From: Jason Gunthorpe <jgg@ziepe.ca>
To: Tomasz Jeznach <tjeznach@rivosinc.com>
Cc: Anup Patel <apatel@ventanamicro.com>,
devicetree@vger.kernel.org, Conor Dooley <conor+dt@kernel.org>,
Albert Ou <aou@eecs.berkeley.edu>,
linux@rivosinc.com, Will Deacon <will@kernel.org>,
Joerg Roedel <joro@8bytes.org>,
linux-kernel@vger.kernel.org, Rob Herring <robh+dt@kernel.org>,
Sebastien Boeuf <seb@rivosinc.com>,
iommu@lists.linux.dev, Palmer Dabbelt <palmer@dabbelt.com>,
Paul Walmsley <paul.walmsley@sifive.com>,
Nick Kossifidis <mick@ics.forth.gr>,
Krzysztof Kozlowski <krzk+dt@kernel.org>,
Robin Murphy <robin.murphy@arm.com>,
linux-riscv@lists.infradead.org
Subject: Re: [PATCH v3 7/7] iommu/riscv: Paging domain support
Date: Tue, 7 May 2024 13:51:56 -0300 [thread overview]
Message-ID: <20240507165156.GH4718@ziepe.ca> (raw)
In-Reply-To: <CAH2o1u6g87nt=S7id-O43PubR=GaOLj-vmk7+OdTiY=Kw1BU5A@mail.gmail.com>
On Mon, May 06, 2024 at 07:22:07PM -0700, Tomasz Jeznach wrote:
> On Sun, May 5, 2024 at 8:46 AM Jason Gunthorpe <jgg@ziepe.ca> wrote:
> >
> > On Fri, May 03, 2024 at 12:44:09PM -0700, Tomasz Jeznach wrote:
> > > > For detach I think yes:
> > > >
> > > > Inv CPU Detach CPU
> > > >
> > > > write io_pte Update device descriptor
> > > > rcu_read_lock
> > > > list_for_each
> > > > <make invalidation command> <make description inv cmd>
> > > > dma_wmb() dma_wmb()
> > > > <doorbell> <cmd doorbell>
> > > > rcu_read_unlock
> > > > list_del_rcu()
> > > > <wipe ASID>
> > > >
> > > > In this case I think we never miss an invalidation, the list_del is
> > > > always after the HW has been fully fenced, so I don't think we can
> > > > have any issue.
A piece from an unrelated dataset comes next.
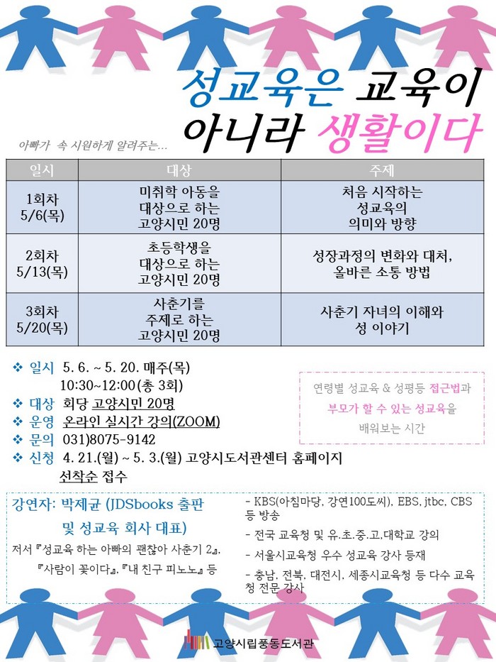 [부자동네타임즈 김인수기자] 고양시 풍동도서관은 ‘성교육은 교육이 아니라 생활이다’ 강연을 5월 6일부터 실시한다.

Maybe a suprious invalidation if the ASID gets
> > > > re-used, but who cares.
> > > >
> > > > Attach is different..
> > > >
> > > > Inv CPU Attach CPU
> > > >
> > > > write io_pte
> > > > rcu_read_lock
> > > > list_for_each // empty
> > > > list_add_rcu()
> > > > Update device descriptor
> > > > <make description inv cmd>
> > > > dma_wmb()
> > > > <cmd doorbell>
> > > > rcu_read_unlock
> > > >
> > > > As above shows we can "miss" an invalidation. The issue is narrow, the
> > > > io_pte could still be sitting in write buffers in "Inv CPU" and not
> > > > yet globally visiable. "Attach CPU" could get the device descriptor
> > > > installed in the IOMMU and the IOMMU could walk an io_pte that is in
> > > > the old state. Effectively this is because there is no release/acquire
> > > > barrier passing the io_pte store from the Inv CPU to the Attach CPU to the
> > > > IOMMU.
> > > >
> > > > It seems like it should be solvable somehow:
> > > > 1) Inv CPU releases all the io ptes
> > > > 2) Attach CPU acquires the io ptes before updating the DDT
> > > > 3) Inv CPU acquires the RCU list in such a way that either attach
> > > > CPU will acquire the io_pte or inv CPU will acquire the RCU list.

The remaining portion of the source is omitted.